Même sur les pistes de ski, les terrasses sont pleines au moindre rayon de soleil. Désormais, le skieur a aussi intérêt à réserver sa table à midi, s’il ne veut pas faire la queue à l’entrée du restaurant d’alpage: «A l’époque de mon père – guide de montagne qui conduisait ses clients au sommet du Cervin mais servait aussi des rösti-saucisses à Findeln -, son restaurant était déjà une mine d’or. Aujourd’hui, l’«Alpenheim» est devenu «Chez Vrony» et il marche tout aussi fort mais avec une carte plus sophistiquée. Ma sœur Vrony a transformé l’établissement avec son mari Max Cotting, un financier zurichois qui dirige aussi le service durant le week-end» commente Heinz Julen. Il a fabriqué les chaises longues à peau de vache installées sur le bar-terrasse adjacent. Perché sur les hauteurs zermattoises dans un angle où le Cervin apparaît sous son profil le plus photogénique, ce restaurant d’alpage est un vrai phénomène. On y côtoie des touristes parlant toutes les langues.
Figure emblématique du sport helvétique, le médaillé olympique Pirmin Zurbriggen est aussi un habitué de la terrasse.

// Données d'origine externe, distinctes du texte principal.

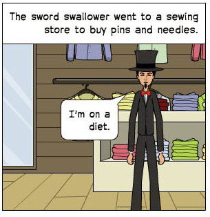 Got it! Thank you very much! After realizing the blooper, I substituted the sword swallower joke with another joke involving a speedometer. Humor is regional, I hope I got the joke right this time, LOL.
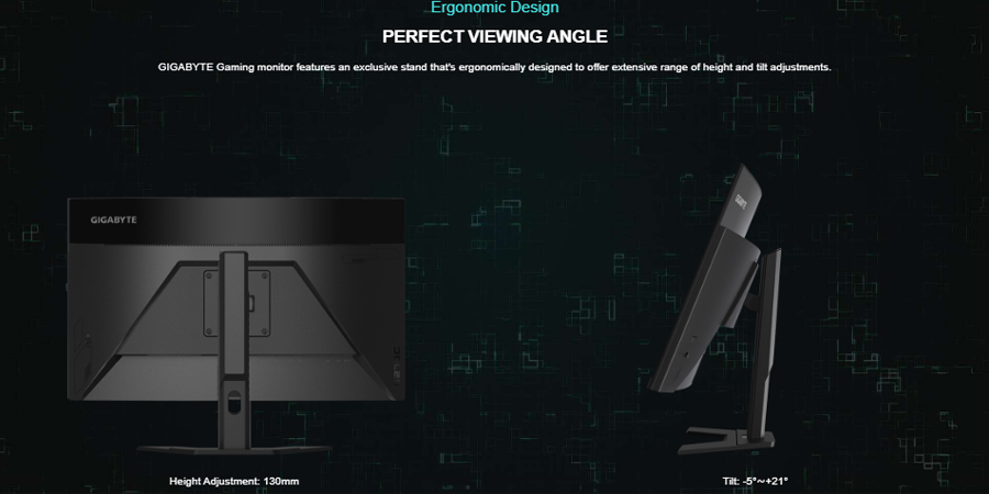 GIGABYTE Gaming monitor features an exclusive stand that's ergonomically designed to offer extensive range of height and tilt adjustments.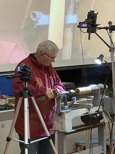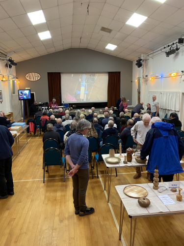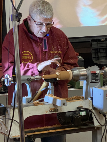 Excellent turn out tonight to watch Stephen Long demonstrating how he turns scoops and spoons .
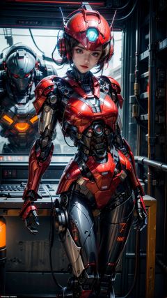 1girl, armor, blue eyes, breasts, cyberpunk, glowing, helmet,Streamlined mecha,Close fitting mecha,Part of the complex mecha structure,Smooth metal surface, joints, lips, looking at viewer, medium breasts, red hair, robot joints, science fiction, solo, standing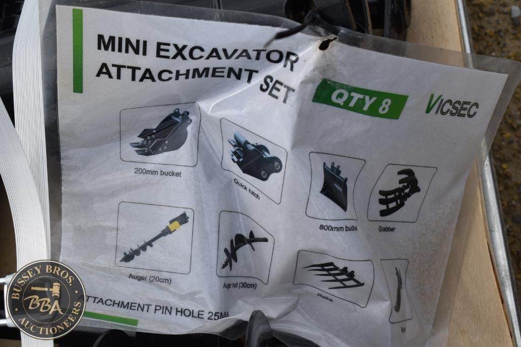 VICSEC Mini Excavator Attachment Set Includes buckets, quick hitch, grabber, augers, rake, NEW/UNUSED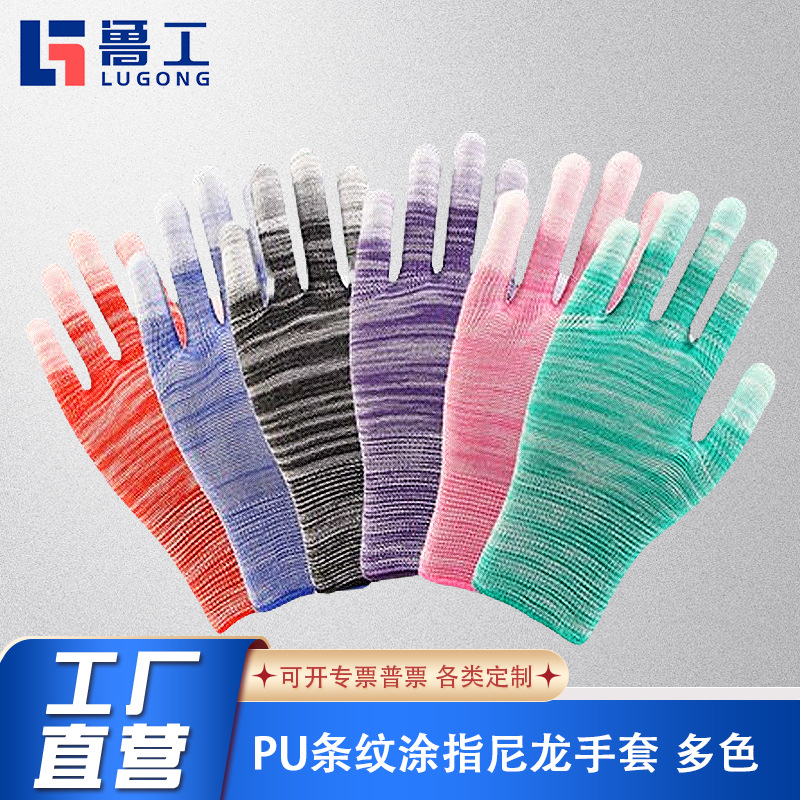 나일론 코팅 손가락 정전기 방지 장갑 13바늘 PU 얼룩말 무늬 침지 통기성 노동 보호 도매 M6 내유성, 내유성 및 미끄럼 방지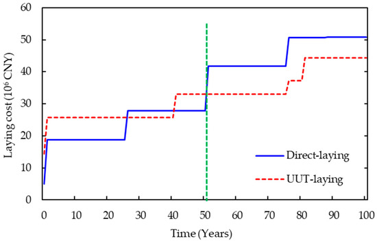 It is worth noting that the service life of traditional buried cables and UUT-laying cables are different, which makes the time point of cable re-laying different. Therefore, the cumulative laying cost of UUT-laying cables may be lower than that of the traditional buried cables during a certain period, but the power company cannot recover the allocated UUT construction cost. Take a 10 kV power cable as an example, due to the improvement of environmental conditions, the average service life of the UUT-laying cable is 40 years, 15 years longer than that of the traditional buried cables. It can be seen from Figure 5 that in the first 25 years, the UUT-laying cost curve is always higher than the direct-laying cost curve. Within the payback period, the traditional buried 10 kV cables need to be re-laid in the 26th and 51st years at a cost of 9 million CNY per time, while the UUT-laying 10 kV cables only need to be re-laid in the 41st year at a cost of 7.2 million CNY. As a result, in the 15 years period from the 26th to the 40th year, the UUT-laying cost curve is lower than the direct-laying cost curve, but in fact the cost shared by the power company is not offset. After the 51st year, the UUT-laying cost curve is always lower than the direct-laying cost curve, which shows that the power company has completed cost recovery.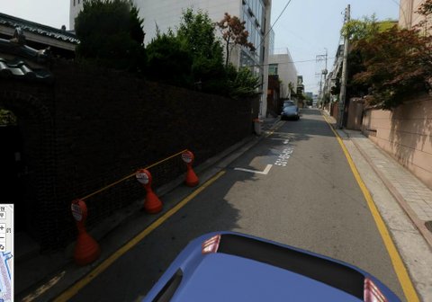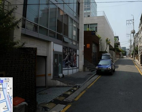 맨홀위치에서 싱크를 맞춰보면 주차된 차종 및 주차라인 열린창문 나무그림자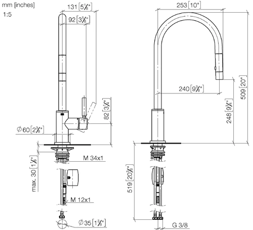 - Altura del grifo: 509 mm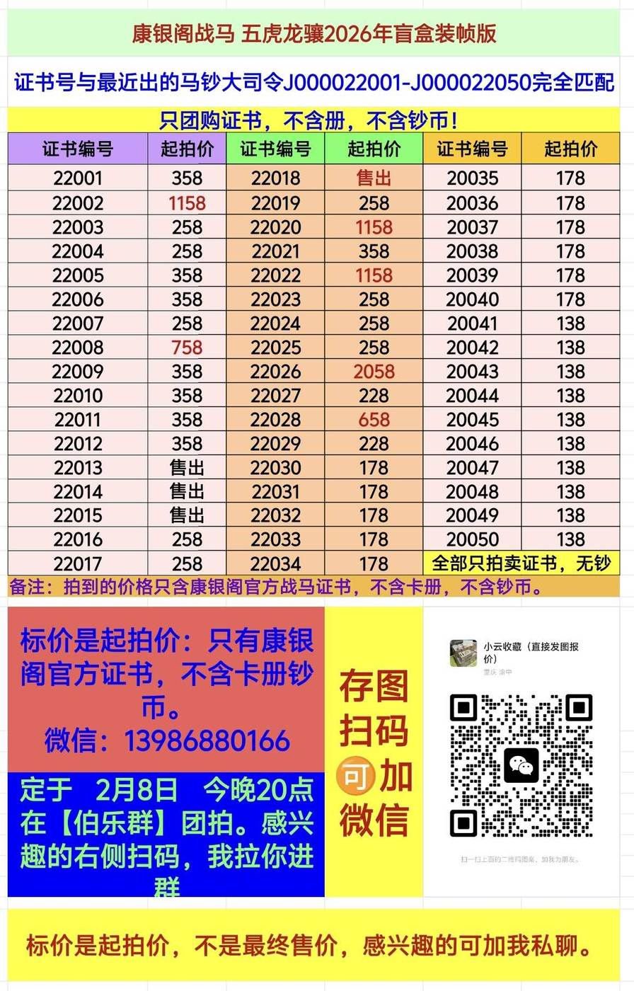 【配号】马钞大司令年份号 22001-22050 官方证书

Il a du reste épousé l’une des sœurs de Vrony, avec laquelle il exploite plus bas, dans la station de Zermatt, un appart-hôtel romantique, décoré là aussi par son beau-frère Heinz. Décidément, une affaire de famille!
Autre personnalité (plus discrète…) de la station haut-valaisanne, le banquier privé genevois Ivan Pictet a racheté un vieil hôtel du quartier de Winkelmatten, qui était voué à la démolition. Pour éviter de voir l’un des sites les plus photographiés de Zermatt déparé par un volumineux bâtiment, il a racheté l’établissement et fait dresser à la place un élégant restaurant, le «Sonnmatten», devenu l’une des bonnes tables de la station sous la houlette de son gérant, René Foster. Là aussi, les saveurs de la Méditerranée ont remplacé les rösti-œufs-au-plat-raclettes. Elles tentent de faire oublier les odeurs de fromage et de pommes de terre rôties.
Les nostalgiques le déploreront, mais l’évolution paraît inéluctable.